If python3 is used, the import lines should be changed wherever local modules are being called. For instance, in the main script trainer.py , a class from the local submodule mlp.py is being imported. In order for the import to work properly within the new package-style structure, a dot should be added prior to the relative path to the local submodule as shown below:

            import torch
import argparse
from .models.mlp import TwoLayerModel

def parse_args():
    parser = argparse.ArgumentParser('trainer.py')
    parser.add_argument('-n','--nodes', type=int, help='Number of nodes per layer', required=True) 
    parser.add_argument('-d','--dropout', type=float, default=0, help='Dropout rate') 
    parser.add_argument('-v','--verbose', action='store_true', help='Do verbose')
    return parser.parse_args()

def train(nodes,dropout=0,lr=0.01,epochs=10,verbose=False,**kwargs):
    target, label = torch.rand(100,10,10), torch.rand(100,1)
    mymodel = TwoLayerModel(nodes,dropout)
    if verbose: print(mymodel)
    loss_function = torch.nn.MSELoss()
    optimizer = torch.optim.SGD(mymodel.parameters(),lr=lr)
    for epoch in range(epochs):
        mymodel.train()
        mymodel.zero_grad()
        out = mymodel(target.float())
        loss = loss_function(out, label.float())
        if verbose: print('Epoch %i/%i Loss: %.5f'%(epoch+1,epochs,loss.item()))
        loss.backward()
        optimizer.step()
    return loss.item()

if __name__=="__main__":
    args = parse_args()
    train(**vars(args))

           

PYTHONPATH export ¶

Finally, in order for the package to be found within the HYPPO software, the parent directory in which the mycode repository is located should be included in the system’s PYTHONPATH which can easily be achieved by adding the following line in the startup file ($HOME should be replaced by whichever path the repository is placed):

            export PYTHONPATH=$PYTHONPATH:$HOME

           

HYPPO on external package ¶

Import external package ¶

If the external repository is successfully modified into a proper python package, the user should be able to import the train method directly from a python script outside the package as shown below.

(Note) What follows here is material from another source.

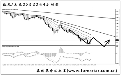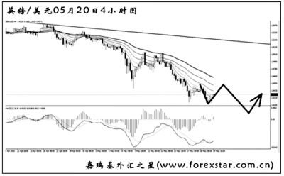 ▲英鎊兌美元下跌力度逐步加強,已經遠離了下降趨勢線。從支撐上看,英鎊的下跌空間尚廣,思路上應繼續做空。短線匯價的下跌動能有所減弱,英鎊有先向上發起回調的風險,但將在圖中均線系統的壓制下轉為下行,再度創出新低。

            >>> from mycode.trainer import train
>>> loss = train(nodes=50,verbose=True)
TwoLayerModel(
  (layers): Sequential(
    (0): Linear(in_features=100, out_features=50, bias=True)
    (1): ReLU()
    (2): Linear(in_features=50, out_features=50, bias=True)
    (3): ReLU()
    (4): Dropout(p=0, inplace=False)
    (5): Linear(in_features=50, out_features=1, bias=True)
  )
)
Epoch 1/10 Loss: 0.49820
Epoch 2/10 Loss: 0.45433
Epoch 3/10 Loss: 0.41454
Epoch 4/10 Loss: 0.37843
Epoch 5/10 Loss: 0.34569
Epoch 6/10 Loss: 0.31577
Epoch 7/10 Loss: 0.28842
Epoch 8/10 Loss: 0.26350
Epoch 9/10 Loss: 0.24092
Epoch 10/10 Loss: 0.22040
>>> loss
0.22039563953876495

           

Configuration file ¶

A simple configuration file can then be created that calls the newly created external package along with the hyperparameters to be optimized and their range of evaluation:

            trainer: mycode.trainer.train

prms:
  names : [epochs,nodes,dropout]
  mult : [ 1, 5,0.01]
  xlow : [ 1, 1, 1]
  xup :  [10,10,10]

hpo:
  nevals : 3

           

The following shows an example of a HYPPO execution on the external package:

            >>> hyppo evaluation config.yaml
2021-06-14 23:16:44,472 INFO Configuration: {'trainer': 'mycode.trainer.train', 'prms': {'names': ['epochs', 'nodes', 'dropout'], 'mult': [1, 5, 0.01], 'xlow': [1, 1, 1], 'xup': [10, 10, 10]}, 'hpo': {'nevals': 3}}
2021-06-14 23:16:44,473 INFO EVALUATION   1 / 3
2021-06-14 23:16:44,474 INFO Samples: [ 5  4 10]
2021-06-14 23:16:44,962 INFO Output of objective function: 0.43182
2021-06-14 23:16:44,962 INFO Execution time: 0.48868 seconds.
2021-06-14 23:16:44,963 INFO EVALUATION   2 / 3
2021-06-14 23:16:44,963 INFO Samples: [10  5 10]
2021-06-14 23:16:44,972 INFO Output of objective function: 0.17925
2021-06-14 23:16:44,972 INFO Execution time: 0.00903 seconds.
2021-06-14 23:16:44,972 INFO EVALUATION   3 / 3
2021-06-14 23:16:44,973 INFO Samples: [9 4 5]
2021-06-14 23:16:44,981 INFO Output of objective function: 0.31150
2021-06-14 23:16:44,981 INFO Execution time: 0.00834 seconds.